Бледные фонари вдоль берега реки. Джунгли, полные тишины. Человечки в подлеске держат у подбородков карманные электрические фонарики, подобно детям на вечеринке, посвященной кануну Дня всех святых. Вдруг из ниоткуда раздается визг, полная луна на черном небе становится красной, река начинает бурлить и пениться, и что-то древнее всплывает на ее поверхность, что-то ужасное…
Уилсон проснулся от внезапного удушья, тенниска насквозь промокла от пота. Тьма была кромешная. Глубокая тишина струилась отовсюду, одновременно знакомая и необычная. Чувствовалось движение вперед. Рядом раздавалось чье-то мерное дыхание. Уилсон испугался: если он сейчас же не глотнет свежего воздуха, то умрет.
Он слез с койки и по наитию рванулся наружу. Инстинктивно нашел узкий коридор, поднялся по трапу и, наконец, оказался на соленом ветру, в туманной темноте теплой ночи. Здесь его легкие расправились, и он бессильно опустился на палубу. На него нахлынули события последних двадцати четырех часов. Он был на борту «Компаунд интерест», которая шла по Атлантическому океану курсом юго-юго-восток, направляясь к Азорским островам. Он отплыл в полночь, не желая расставаться с красивой женщиной, и еще потому, что ему надоела обыденщина, а также по другим причинам, в которых пока как следует не разобрался. Он не сомневался, что верность решения подтвердится, стоит только улетучиться паническому настроению. В конце концов, что хуже: утонуть в морской пучине из-за шторма или медленно опускаться на житейское дно под давлением повседневной рутины?

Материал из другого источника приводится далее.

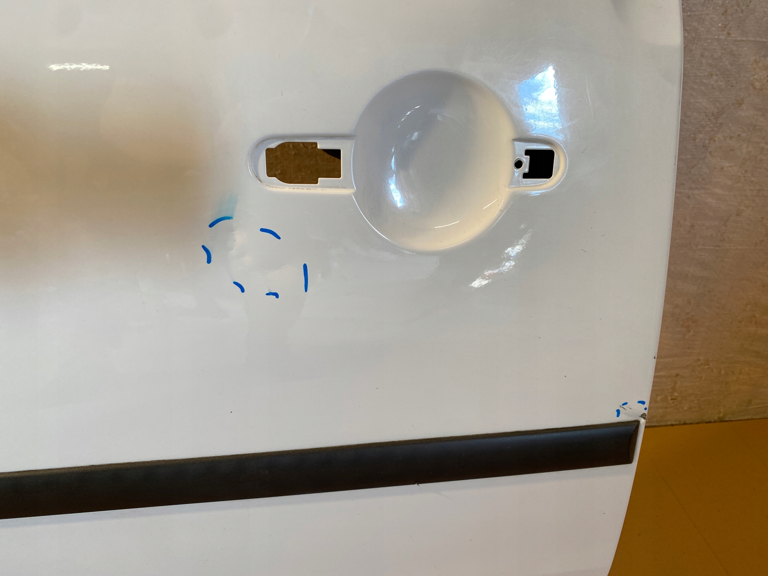 Drzwi ładne, uszkodzone w miejscach zaznaczonych na zdjęciach. Wymagają ponownego lakierowania.

Отдышавшись, Уилсон встал и посмотрел вдаль. Там, за полоской темноты, маячил континент, над которым стояло зарево городских огней. Уилсон подумал об освещенных для ночных игр бейсбольных площадках, о переполненных барах, о колоннах машин на шоссе в час пик, об Андреа, спящей сегодня в одиночестве, и почувствовал колоссальную тяжесть всего того, что оставлял позади.
— Эй, там! Почему вы не внизу вместе со всеми?
Уилсон быстро повернулся и увидел перед собой полного приземистого человека. Обветренное лицо, седая борода, похожая на шкуру дикобраза, капитанская фуражка, слишком яркий желтый непромокаемый плащ и синие шорты. Амундсен.
— Я задал вам вопрос, мистер! — Капитан угрожающе шагнул к Уилсону. — Вы на моей вахте. Согласно уставу, никто из команды не имеет право проводить свободное время наверху в ночное время.
Уилсон, заикаясь, принялся объяснять: ему потребовался глоток свежего воздуха, он весьма сожалеет о содеянном…
Капитан прищурился, чтобы лучше рассмотреть нарушителя корабельного распорядка. Уилсон вдруг осознал, что почти не одет. На нем были боксерские трусы в розовых кроликах, подаренные Андреа в один из пасхальных праздников, и ветхая тенниска с символикой Ашлендского колледжа. Голые ноги мерзли на выскобленной деревянной палубе.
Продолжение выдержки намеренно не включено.